Письмо выпало из рук доктора, и нечаянная радость осветила его лицо. Он смотрит на Беллу с любовью. И она, которая раньше не поняла его гнев, теперь не понимает этой любви. Ей надо с ним откровенно поговорить о странном его поведении сегодня. И она уже собирается открыть рот по этому поводу, но доктор ее опережает.
– Белла, послушай, пожалуйста, – он берет письмо и читает ей: «...Дики и я вышли искать место жизни. Прекрасно! Вундерфул! По сути, мы пытаемся вылезть вон из собственной шкуры, высвободить из нас наши изорванные души. Дики человек практики, ищет покой своей душе в реальных деяниях. Просто говорит мне: Ганс, хватит пустых мечтаний! Основы новой физики – они, как мечта. Чудесная техника решит все мелкие человеческие проблемы, и, таким образом, освободит человек от всех его забот и мелких и низких страстей. Но, дорогой отец...»
– Отец! – вскрикивает Белла.
– Да, Белла. Он приезжает!
– Он приезжает! – мигает Белла, вспомнив голос Барбары: «Он пришел! Он пришел!»
– Что ты так разволновалась, Белла? Мой сын приезжает. После многих лет возвращается ко мне. Письмо – от моего сына.
– Доктор – говорит Белла с новым дыханием, – Знали бы вы? Это ведь реальное дело, а не привидения? Знали бы вы, доктор?
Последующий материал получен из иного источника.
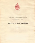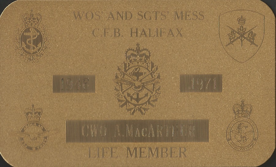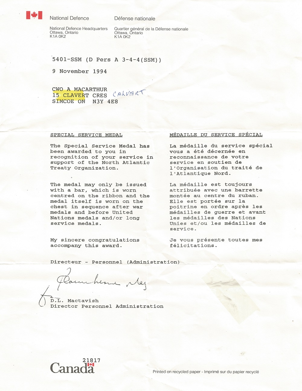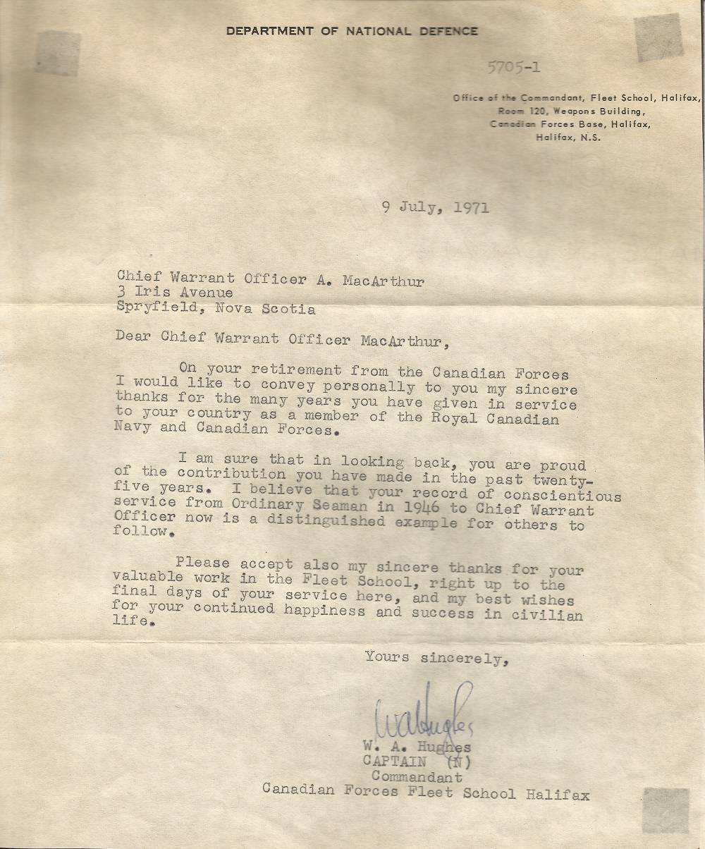 (AM07) Stadacona - Miss Arbuthnot, Archie MacArthur, Manuge, and Rowat (AM08) Certificate for the award to the Canada Centennial Medal to CPO MacArthur - 1967 (AM09) Letter to CPO MacArthur from the Commandant of CFFS(H) on the occasion of his retirement (AM10) Life Membership Mess Card, CFB Halifax (AM11) Newspaper article - The RCN in its heyday - 1985 (AM12) Letter notifying CPO1 A. MacArthur that he has been awarded the SSM for his service during NATO deployments - dated 09 Nov 1994

Барбара рассказала мне, что «он пришел» или приходит, но имела в виду не вашего сына, а старого господина, вашего отца. Душа его, сказала она, вернулась в дом, освободить ваш дух.
– Хочешь до конца выслушать письмо моего сына?
– Да, доктор.
«Но, дорогой отец, я ведь не Дики. Может, мои боли более сложны, чтобы в них вникнуть, может, у меня более тяжелое наследство. Дики рос в Америке. Я – в Германии. Я не могу найти себе покоя, если надежда моя не будет целостной, и мечта – завершенной. Я не совсем верю в то, что человек, освободившийся от материальных проблем, освободится от власти материального и станет человеком духа. Нет, отец, твоя мечта меня более очаровывает. Новая техника, чудесная, которая будет служить новому обществу, совершенно другому, чем общество, существующее сегодня... Это целостная надежда, совершенная мечта. Но я не могу ощутить целостность твоей мечты, отец. Не могу я сойти с поезда, вернуться к тебе и написать Дики прощальную открытку. Я человек, лишенный цельности, я – гибрид, и освобождение мое в слиянии всех моих мечтаний. Отец, если я смогу стать настоящим твоим помощником, только так мы сможем снова встретиться. Сотворим новую землю, создадим общество без материальных проблем или голода».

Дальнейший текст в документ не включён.